For those who like to follow the money, Robert Friedland’s latest investment may be of interest: a Melbourne-based company that has proprietary technology in oxidized metal recovery.
In May Friedland made an initial investment of $1.84 million in convertible notes in Clean TeQ Holdings (ASX: CLQ), which if converted to ordinary shares, would add up to an 11.4% interest in the company. Since then, Friedland has subscribed to another $1.73 million in convertible notes, which would bring his stake in the company to 19.9%.
Friedland noted during his initial investment that the research-and development-focused company has an operating track record of more than two decades, and has developed and commercialized proprietary technology before.
In a prepared statement, he said that “Clean TeQ’s expertise in separation and purification technologies for water treatment and metal recovery makes it a leading innovator of technologies that have real importance for the future.”
Clean TeQ’s commercial breakthrough came in 2007, when BHP Billiton (NYSE: BHP) bought a licence for its continuous resin-in-pulp processing (cRIP) technology for laterite–nickel resources.

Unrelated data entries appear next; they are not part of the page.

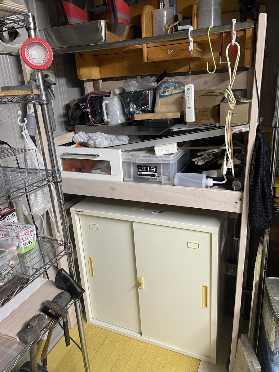 ん・・・???こんなに塗料を保管しているのに金属製のラックに保管しないとダメじゃない?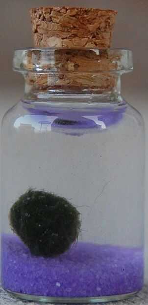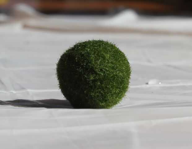 Una bola de marimo es una forma rara de crecimiento de algas, que crece en grandes bolas de verdes con un suave, aterciopelado appearance.they son nativos de Japón donde crecen naturalmente en el lago Akan. También se encuentran en Islandia, Estonia y Escocia. Pueden crecer los parches en un piso de lago a profundidades de 2 a 2.5 m. La forma redonda de la marimo es mantenida por acción de las olas que la convierte.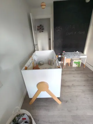 se vende cuna convertible en sofá de juego, tiene ropa de cuna nórdico, almohada. Está muy cuidada y la ropa muy poco usada de la marca Ikea en color blanco - Diseño clásico y funcional. - Barreras de seguridad.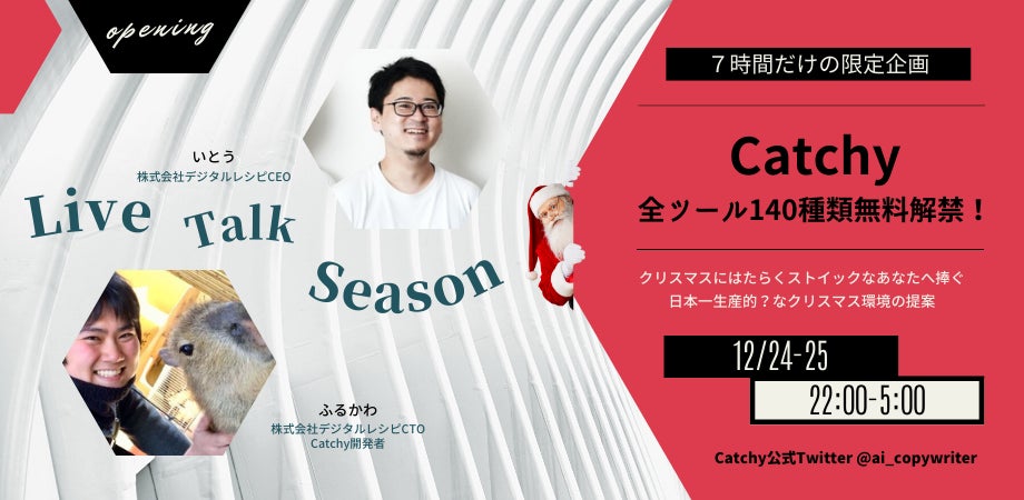 クリスマスにも働くあなたを応援!文章生成AI「Catchy」が12/24の22時から7時間限定で全140種類のツールを無料公開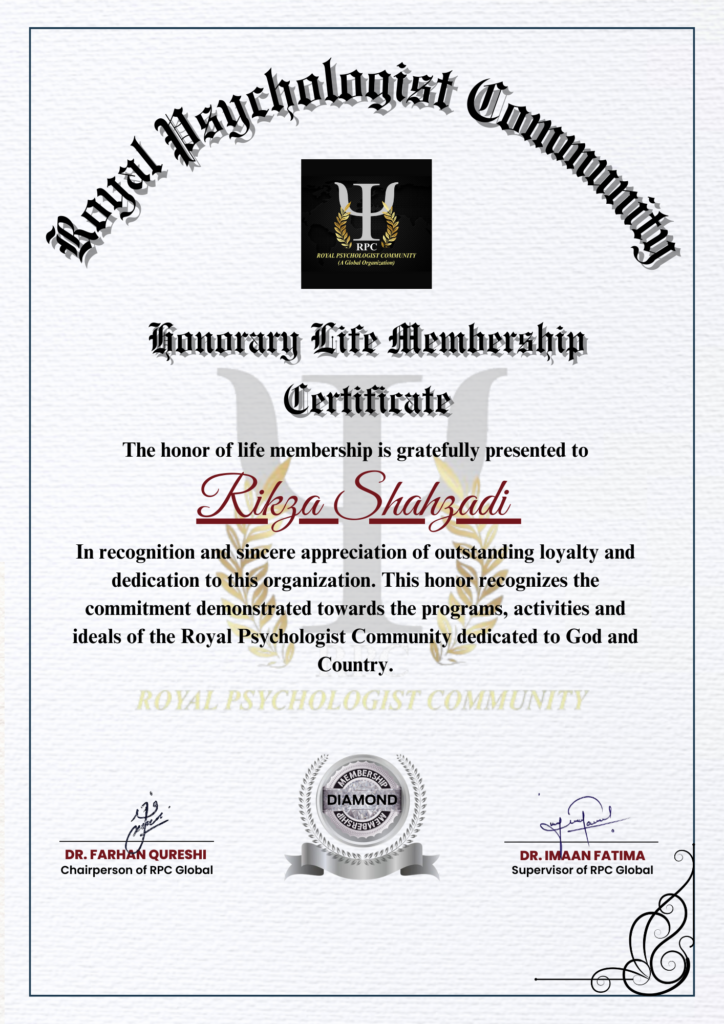 Rikza Shahzadi has achieved outstanding milestones by earning numerous certificates from RPC Global. Each certificate reflects her dedication, hard work, and passion for learning. These accomplishments not only showcase her exceptional abilities but also highlight their commitment to continuous growth and excellence in various fields of psychology.

CRIP extracts metals from leached pulps (up to 50% w/w solids) using proprietary ion-exchange resins. The resin is mixed with the slurry in a series of contractors and moved countercurrent to the flow of slurry.
Clean TeQ’s CEO Peter Voight says that the resin can also come in contact with slurry during leaching, for metal extraction using the continuous resin-in-leach (cRIL) process, and says that sometimes, cRIL yields higher leach-recovery rates when leaching lixiviants are reduced.
He says that “this process is especially applicable to gold-bearing ores that contain preg-robbing components.”
Voight says that developing resin-based technology “opens up a raft of possible resource plays that have been deemed uneconomic based on conventional technology, such as leach–CCD–SX,” adding that resin-in-pulp technology can extract, concentrate and purify metals using intensive and cost-effective steps, which “can change the investment proposition in base, precious and strategic metals.”
The technology is strongest in lower-grade oxide ores, such as gold, copper, cobalt, uranium and other polymetallic deposits.
The company is expanding its reach in the resource business and has announced that it plans to fully acquire the Leigh Creek copper mine (LCCM) from Phoenix Copper (ASX: PNX). After test work, Clean TeQ plans to restart operations at the mine using its cRIP technology.
LCCM’s assets include the Mountain of Light copper mine in South Australia, 120 km east of Olympic Dam, and all of the mine’s related infrastructure. Operations at the Mountain of Light mine were stopped in 2011 “after the heap-leach flow sheet failed to produce an economically viable performance.”
In its prime, the mine produced 400 tonnes of copper cement. The mine has a Joint Ore Reserves Committee-compliant resource of 2.18 million tonnes of ore grading 0.9% copper, for a total 19,600 tonnes of contained copper.
The mine is on care and maintenance, with infrastructure comprising heap-leach facilities, such as leach pads and PLS ponds, a copper cement-processing facility, power and water connections, and wet and dry analytical laboratories.
Clean TeQ is also developing scandium recovery.